Increasingly, people are adding probiotics, which are live bacteria strains, to their daily dietary routines in hopes of regulating digestion and minimizing bloat. The goal is to introduce the “healthy” bacteria into the gut in order to achieve a healthier balance, improve digestion, strengthen the immune system and most recently, support a healthy weight.*
While these efforts are laudable, adding probiotic supplementation haphazardly is like shooting arrows in the dark and hoping to hit the target. There are many different strains of probiotics, and most consumers are unaware of the distinctions that impact how each type of probiotic strain will affect bodily function.
Whatever the goal might be, it’s important to understand how probiotics operate in the body.
The digestion process is highly complex, with trillions of microorganisms, or gut flora, involved in its various functions. The body has over 500 strains of probiotic sent, and there are approximately 18 strains available as supplements. Not all probiotics are the same. There are general probiotics, and there are probiotics that attach a specific systemic focus, such as vaginal health.* Other probiotics may target neurotransmitters and may help regulate mood.* There are also probiotics that support joint health, while others improve liver function.* Currently, researchers are mapping the various probiotic strains to the systems they affect, which will allow for more precise probiotic supplementation based on individual health goals.

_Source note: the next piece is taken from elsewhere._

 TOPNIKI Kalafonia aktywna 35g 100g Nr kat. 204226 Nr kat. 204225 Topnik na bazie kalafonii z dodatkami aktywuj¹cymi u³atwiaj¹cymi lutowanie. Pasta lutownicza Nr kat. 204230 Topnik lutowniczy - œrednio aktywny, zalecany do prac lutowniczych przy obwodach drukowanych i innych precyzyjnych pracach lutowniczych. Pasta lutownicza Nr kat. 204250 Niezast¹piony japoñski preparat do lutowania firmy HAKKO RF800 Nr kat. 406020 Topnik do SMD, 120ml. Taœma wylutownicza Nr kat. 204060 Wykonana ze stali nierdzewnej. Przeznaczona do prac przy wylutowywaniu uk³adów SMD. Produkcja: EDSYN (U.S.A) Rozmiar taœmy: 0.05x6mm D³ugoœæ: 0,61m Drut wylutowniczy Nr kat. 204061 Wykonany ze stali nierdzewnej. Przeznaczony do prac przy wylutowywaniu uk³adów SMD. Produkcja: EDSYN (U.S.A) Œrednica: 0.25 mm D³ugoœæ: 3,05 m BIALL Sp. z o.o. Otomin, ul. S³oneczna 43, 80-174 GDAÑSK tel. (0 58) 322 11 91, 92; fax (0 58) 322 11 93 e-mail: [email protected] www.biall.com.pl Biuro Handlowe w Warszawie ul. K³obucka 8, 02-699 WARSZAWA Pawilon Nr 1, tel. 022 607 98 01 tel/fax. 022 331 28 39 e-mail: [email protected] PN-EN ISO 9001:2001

One review in 2016 found that “Probiotics have physiologic functions that contribute to the health of gut microbiota, can affect food intake and appetite, body weight and composition and metabolic functions through gastrointestinal pathways and modulation of the gut bacterial community,” (Nutr Metab (Lond). 2016; 13: 14.).* There was not a focus on one single strain in this paper but rather an exploration of the mechanisms of action for various strains including Lactobacillus acidophilus, Lactobacillus casei, Lactobacillus rhamnosus, Lactobacillus grasseri and Bifidobacteria.

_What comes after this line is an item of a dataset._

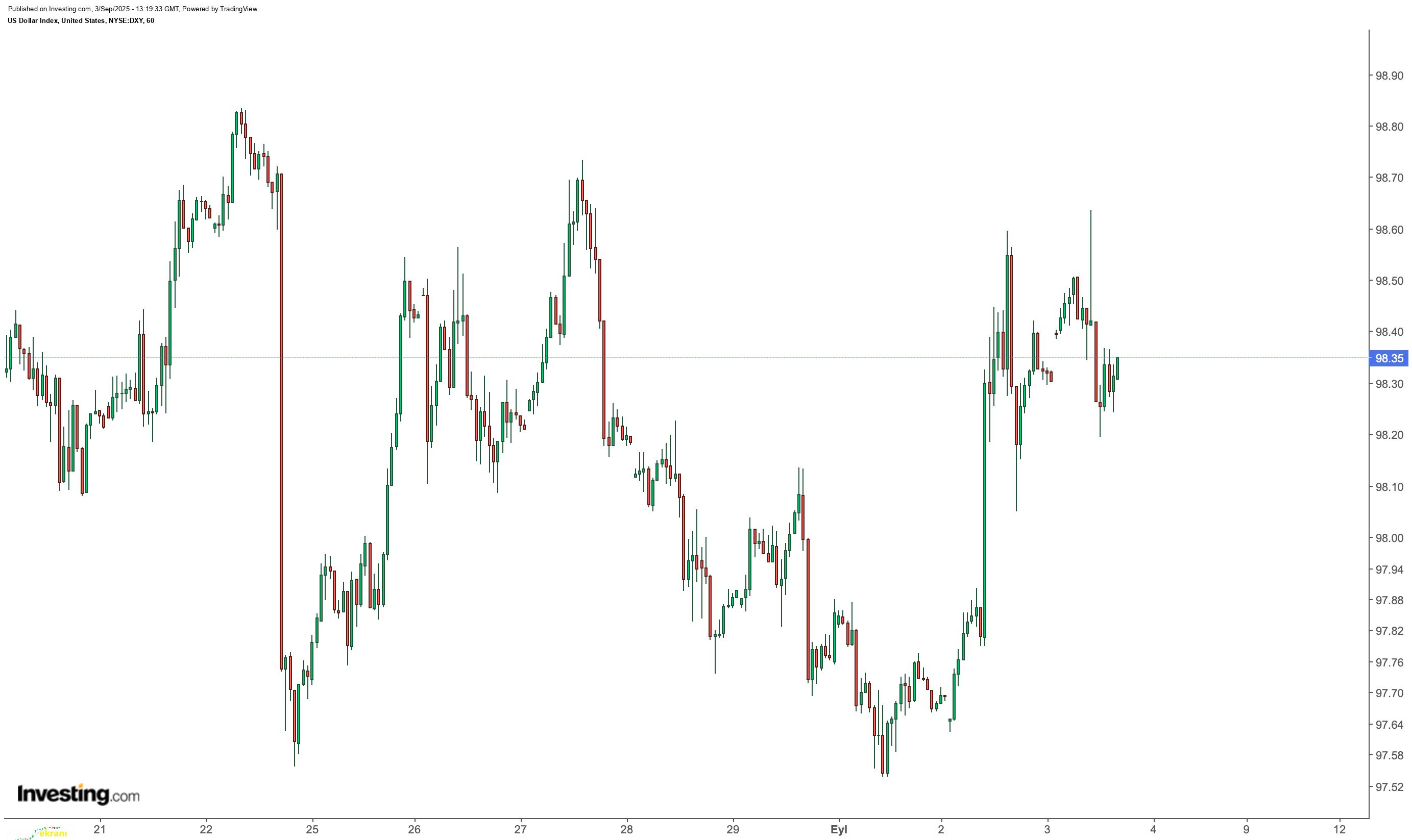 Fed’in Eylül ayında 25 baz puanlık bir faiz indirimi yapması piyasalarda yaygın şekilde bekleniyor. LSEG verilerine göre, yatırımcılar Eylül 17’deki toplantıda bu yönde bir adım atılmasını fiyatlamaya başladı. Faiz oranı vadeli işlemleri, bu yıl iki indirim ve 2026 yılının başlarında bir indirimin daha olabileceğini öngörüyor. Bu beklentiler, dolar endeksi (DXY) üzerinde de baskı oluşturdu; endeks son verilere göre 0,1 puanlık gerilemeyle 98,343 seviyesine indi.

When there’s an imbalance in the gut, it causes an inflammatory response, which can then throw the metabolic and neurological processes off balance. This imbalance can lead to metabolic syndrome, obesity, and insulin resistance. The impact on the endocrine system, with the resulting insulin resistance and other blood sugar issues, can result in poor health.

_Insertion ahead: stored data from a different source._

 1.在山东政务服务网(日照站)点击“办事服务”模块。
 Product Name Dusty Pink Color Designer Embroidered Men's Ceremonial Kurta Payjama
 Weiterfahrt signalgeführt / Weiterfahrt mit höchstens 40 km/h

When considering the supplementation of probiotics for weight management, it helps to understand how probiotics function. There are two main mechanisms at play:
Activation of Toll-like receptor 5 (TLR5) within the digestive system. The bacteria contain a protein that binds with TLR5 and activates a cytokine release called Interleukin-22 (IL-22) that improves gut barrier function and influences the antimicrobials on the surface of the gut.*
The processing and breakdown of dietary fibers and the fermentation of these fibers help the body better utilize micronutrients. This mechanism leads to the production of short chain fatty acids that provide energy and assist the body in accessing the micronutrients for better food efficiency, restoring metabolic balance.*
Both mechanisms help support a healthy inflammatory response, which has a positive effect on metabolism and helps regulate weight.*
The impact of a healthy gut environment is increasingly connected to mental health as well. Mental health may be linked to an imbalance in gut flora. Dr. Kelly Brogan, an integrative psychiatrist in New York City, prescribes precision probiotics, digestive support, and barrier support to help manage mental health challenges.* Lactobacillus Plantarum (PS-128) has been shown to support both serotonin and dopamine levels.*
People often cite their metabolism slowing down with age as the cause of recent weight gain. While aging can impact metabolic function, making some adjustments in lifestyle and diet are likely to improve gut health and help control weight. This can include eating more fermented foods, including yogurt, cheese, kefir, sauerkraut and other pickled vegetables, kimchi, miso, tempeh, and red cider vinegar. These dietary changes may be outside the comfort zone for many patients which opens the door to recommend supplementing with probiotics to help maintain a healthy inflammatory response in the gut, improving metabolic efficiency and ultimately having a positive impact on weight management.*
Probiotics are critical to gut health.* Though they’re naturally found in the body, they may need to be restored or supported by lifestyle, diet, and supplements. But not all probiotics are the same. A functional medicine practitioner can help select the regimen that’s right for you.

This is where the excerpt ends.